Methods: Women were screened with cytology and HPV across ESTAMPA study centers in Latin America. Screen-positives were referred to colposcopy with biopsy and treatment as needed. Cytology was initially interpreted without knowing HPV results. A subset of cytologies from HPV-positive women were reinterpreted at the same laboratories, with knowledge of HPV status, blinded to previous cytology and histological diagnosis. Performance indicators for cytology to detect CIN3+ without and with knowledge of HPV positivity were estimated.

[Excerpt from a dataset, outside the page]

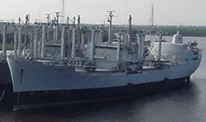 Photo of the Courier, retrieved from PMARS on 9-6-2008, one of three pics, this appears to be the most current. The picture was cropped from Courier picture #3 of 3 to bring it to 290px and remove other ships from the frame, the name of the ship is barely visible under the bow, the same label appears in news coverage of the storm related dismoorings in NOLAs Industrial Canal. PMARS Ship Record Miramar Ship Index Record

Findings: A total of 4087 women were included, of which 490 had histologically confirmed CIN3+ (455 CIN3 and 35 cancers). Cytology sensitivity without knowledge of HPV positivity for CIN3+ was 47.2% (95% CI = 42.5 to 51.9), whereas with knowledge of HPV positivity, the sensitivity was higher (58.9%, 95% CI = 54.2 to 63.5; P < .0001). The specificity without knowledge of HPV was 89.4% (95% CI = 88.2 to 90.5), whereas with knowledge of HPV positivity was 78.9% (95% CI = 77.4 to 80.4; P < .0001). Performance estimates varied by study center for cytology without knowing the HPV positivity (range = 32.8%-61.5% for sensitivity; range = 80.7%-98.6% for specificity). Similarly, performance varied with knowledge of HPV positivity (36.1%-93.4% for sensitivity; 39.6%-98.6% for specificity).
Conclusion: The increase in sensitivity of cytology with HPV knowledge was limited and highly variable, reinforcing the need for alternative triage methods to support cervical cancer elimination goals.
© The Author(s) 2024. Published by Oxford University Press.
Conflict of interest statement
All authors declare no competing interests.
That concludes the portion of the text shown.